### TASK DESCRIPTION:
With the pictures excluded, reproduce all of the data exactly.

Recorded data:

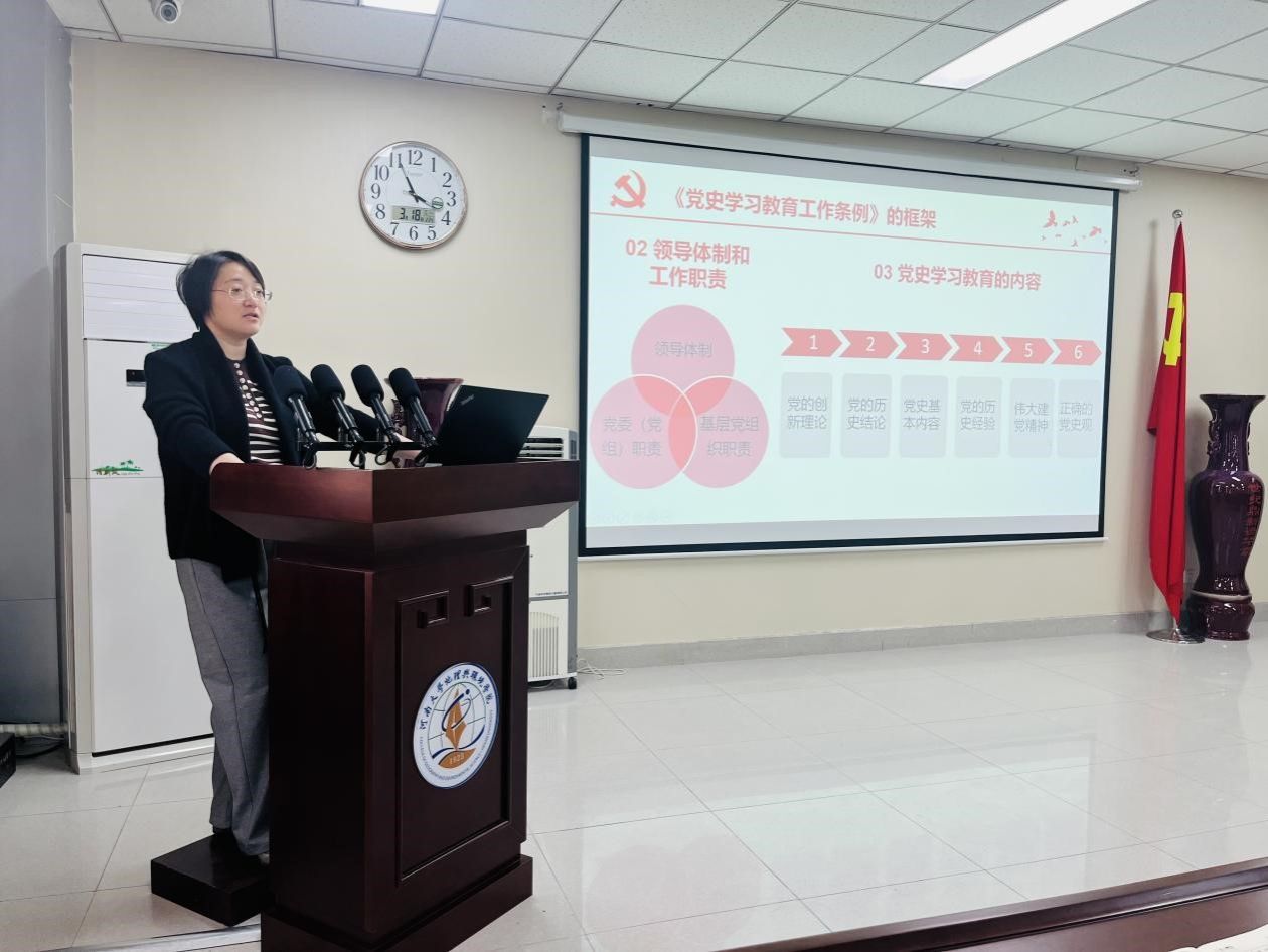 谷蕾首先全面介绍了《党史学习教育工作条例》的制定背景及其深远意义。她指出,自党的十八大以来,习近平总书记多次强调学习党史的重要性,并在党的二十大修改的《党章》中明确将学习党的历史列为党员义务之一。《条例》的制定,不仅是对习近平总书记关于党史学习教育工作重要指示的贯彻落实,更是对党和国家工作大局中党史学习教育工作的明确指导和规范。她强调,作为研究生党员,应深刻领会《条例》精神,将其作为党史学习教育的基本遵循。
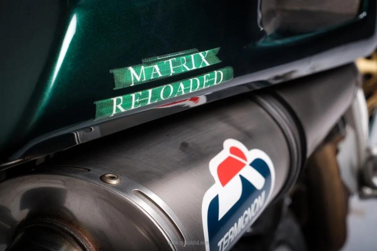 Une Ducati passe à toute vitesse, slalomant entre les voitures et évitant les balles au passage… La moto est une 996 verte, et la scène en question est l’une des séquences les plus célèbres que le cinéma hollywoodien nous ait offertes ces vingt dernières années : on parle évidemment de la fameuse poursuite présente dans Matrix Reloaded, la course folle qui voit Trinity à son guidon. Peu de temps après la sortie du film, pour célébrer « l’apparition » pleine d’adrénaline dans le deuxième chapitre de la saga, l’usine de Borgo Panigale a lancé sur le marché une version spéciale, produite en 2004 dans une série limitée de seulement 250 unités, et dont l’un d’entre eux est en vente chez le spécialiste britannique MIS qui s’occupe de redonner vie à d’anciennes gloires.
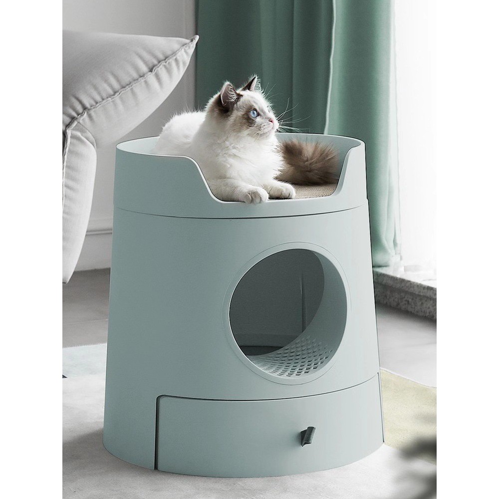 🔥台灣現貨 免運送到家🔥城堡貓砂盆 貓砂盆 防落砂 貓廁所 全封閉式 抽屜式 城堡 附貓抓板 貓窩
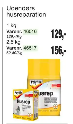 Prisen på Udendørs husreparation kan findes øverst på siden sammen med datoerne, hvor tilbuddet er tilgængeligt. Du kan også kigge på prisen i den nuværende Harald Nyborg tilbudsavis eller på Harald Nyborgs hjemmeside. Kampagnetilbud sikrer, at du køber Harald Nyborgs varer til den laveste pris.
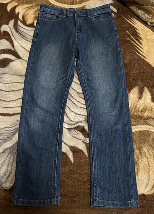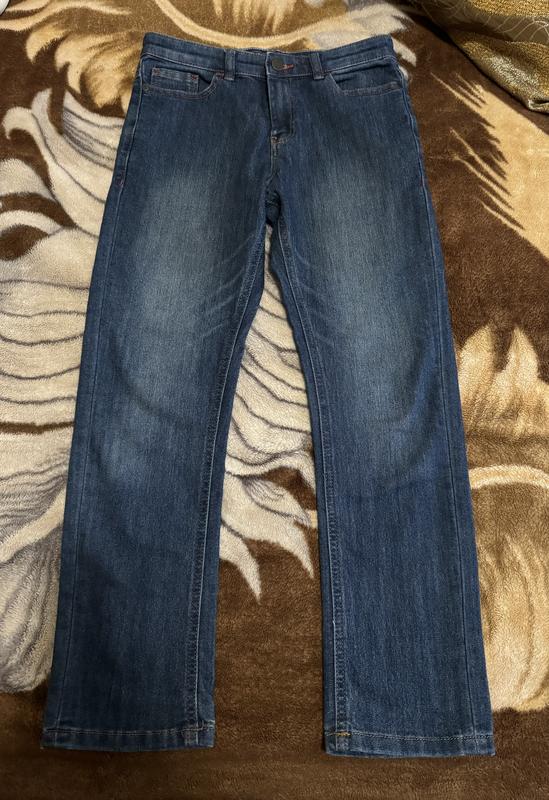Джинсы полномерные (regular) в отличном состоянии на рост 140 см. Есть утягивающая резиночка в поясе Длина 85 см Стегна 41 см Пояс 35 см Внутренний шов 63 см
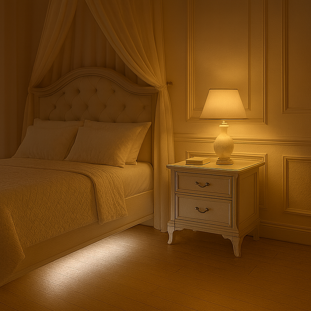 Pod posteľou, nočné orientačné osvetlenie bez potreby stlačiť vypínač
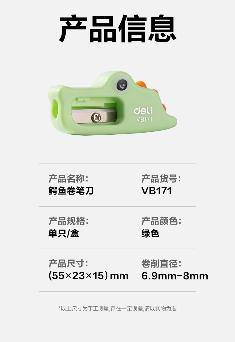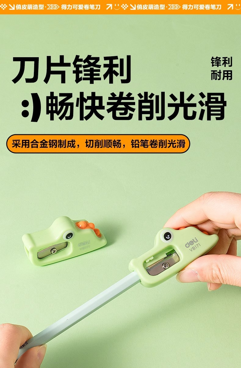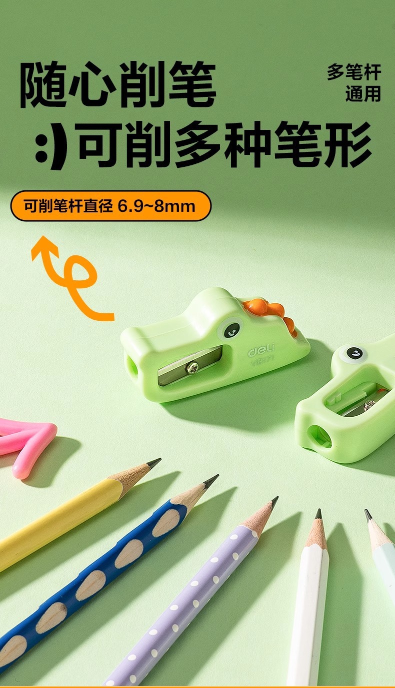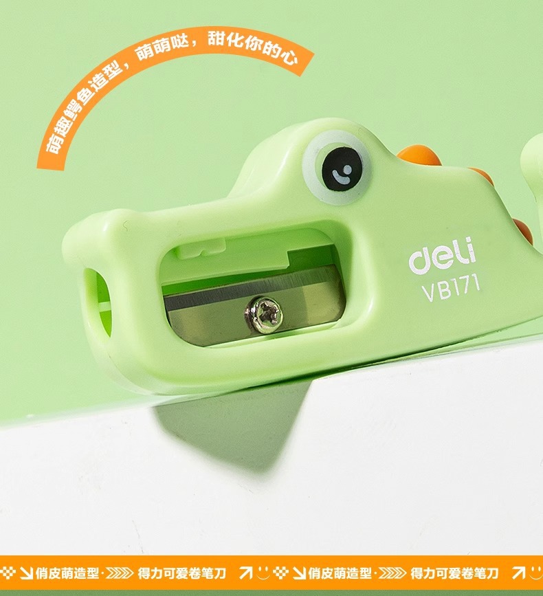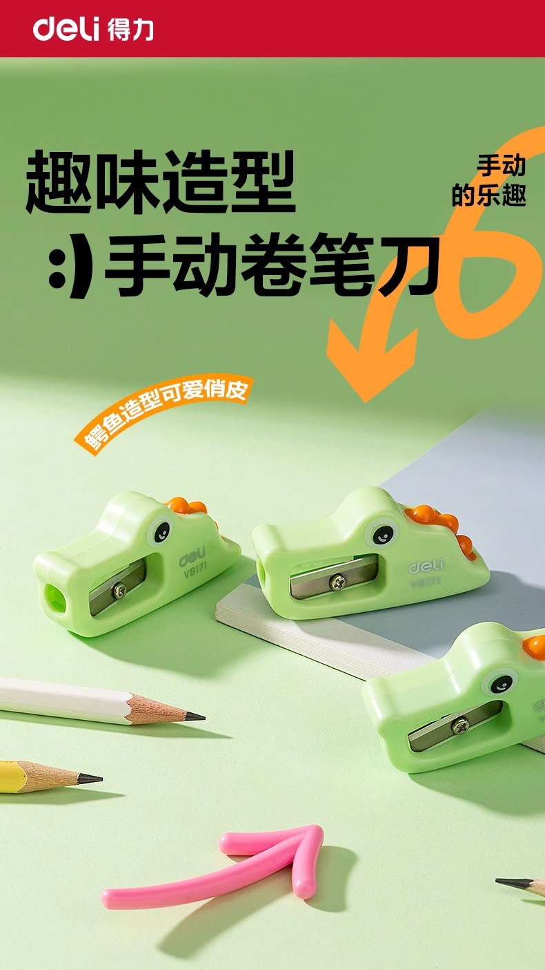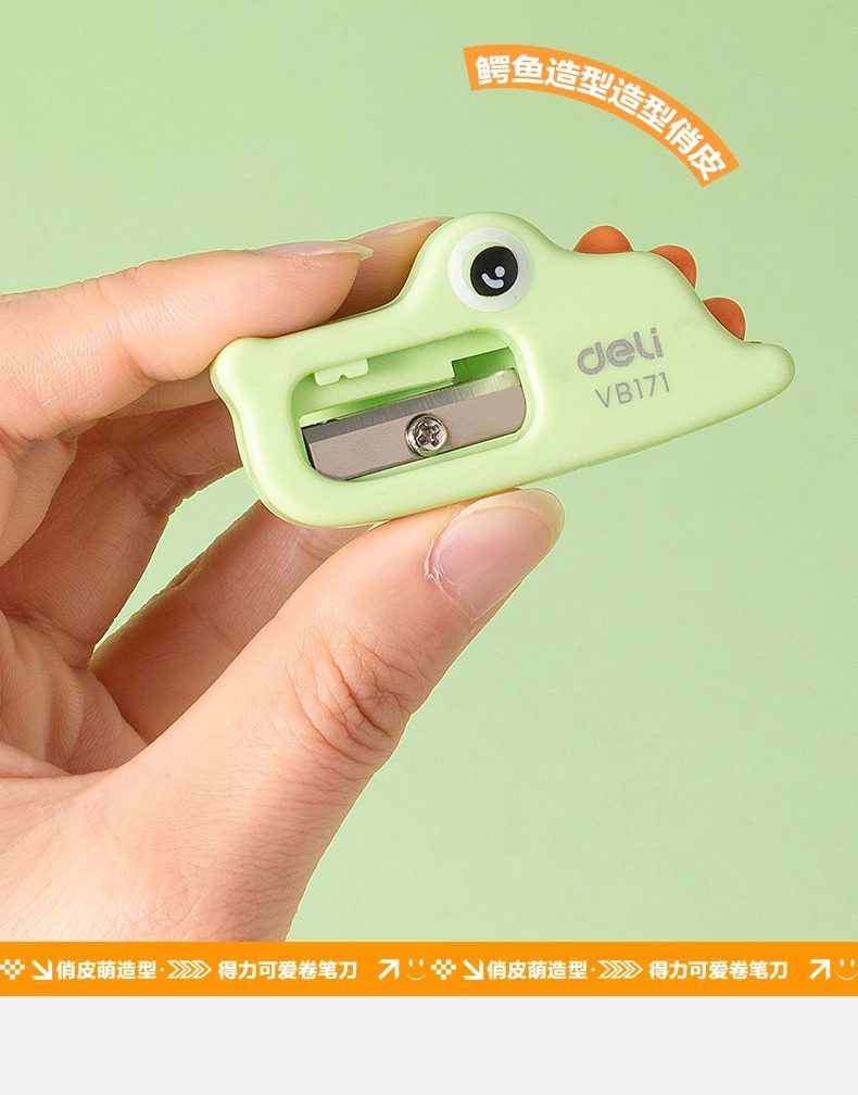Sacapuntas para niños Deli, sacapuntas giratorio, sacapuntas para estudiantes de primaria, mini cuchillo de dibujos animados manual, cepilladora de cocodrilo, pequeña

### EXERCISE SOLUTION:
 谷蕾首先全面介绍了《党史学习教育工作条例》的制定背景及其深远意义。她指出,自党的十八大以来,习近平总书记多次强调学习党史的重要性,并在党的二十大修改的《党章》中明确将学习党的历史列为党员义务之一。《条例》的制定,不仅是对习近平总书记关于党史学习教育工作重要指示的贯彻落实,更是对党和国家工作大局中党史学习教育工作的明确指导和规范。她强调,作为研究生党员,应深刻领会《条例》精神,将其作为党史学习教育的基本遵循。
 Une Ducati passe à toute vitesse, slalomant entre les voitures et évitant les balles au passage… La moto est une 996 verte, et la scène en question est l’une des séquences les plus célèbres que le cinéma hollywoodien nous ait offertes ces vingt dernières années : on parle évidemment de la fameuse poursuite présente dans Matrix Reloaded, la course folle qui voit Trinity à son guidon. Peu de temps après la sortie du film, pour célébrer « l’apparition » pleine d’adrénaline dans le deuxième chapitre de la saga, l’usine de Borgo Panigale a lancé sur le marché une version spéciale, produite en 2004 dans une série limitée de seulement 250 unités, et dont l’un d’entre eux est en vente chez le spécialiste britannique MIS qui s’occupe de redonner vie à d’anciennes gloires.
 🔥台灣現貨 免運送到家🔥城堡貓砂盆 貓砂盆 防落砂 貓廁所 全封閉式 抽屜式 城堡 附貓抓板 貓窩
 Prisen på Udendørs husreparation kan findes øverst på siden sammen med datoerne, hvor tilbuddet er tilgængeligt. Du kan også kigge på prisen i den nuværende Harald Nyborg tilbudsavis eller på Harald Nyborgs hjemmeside. Kampagnetilbud sikrer, at du køber Harald Nyborgs varer til den laveste pris.
Джинсы полномерные (regular) в отличном состоянии на рост 140 см. Есть утягивающая резиночка в поясе Длина 85 см Стегна 41 см Пояс 35 см Внутренний шов 63 см
 Pod posteľou, nočné orientačné osvetlenie bez potreby stlačiť vypínač
Sacapuntas para niños Deli, sacapuntas giratorio, sacapuntas para estudiantes de primaria, mini cuchillo de dibujos animados manual, cepilladora de cocodrilo, pequeña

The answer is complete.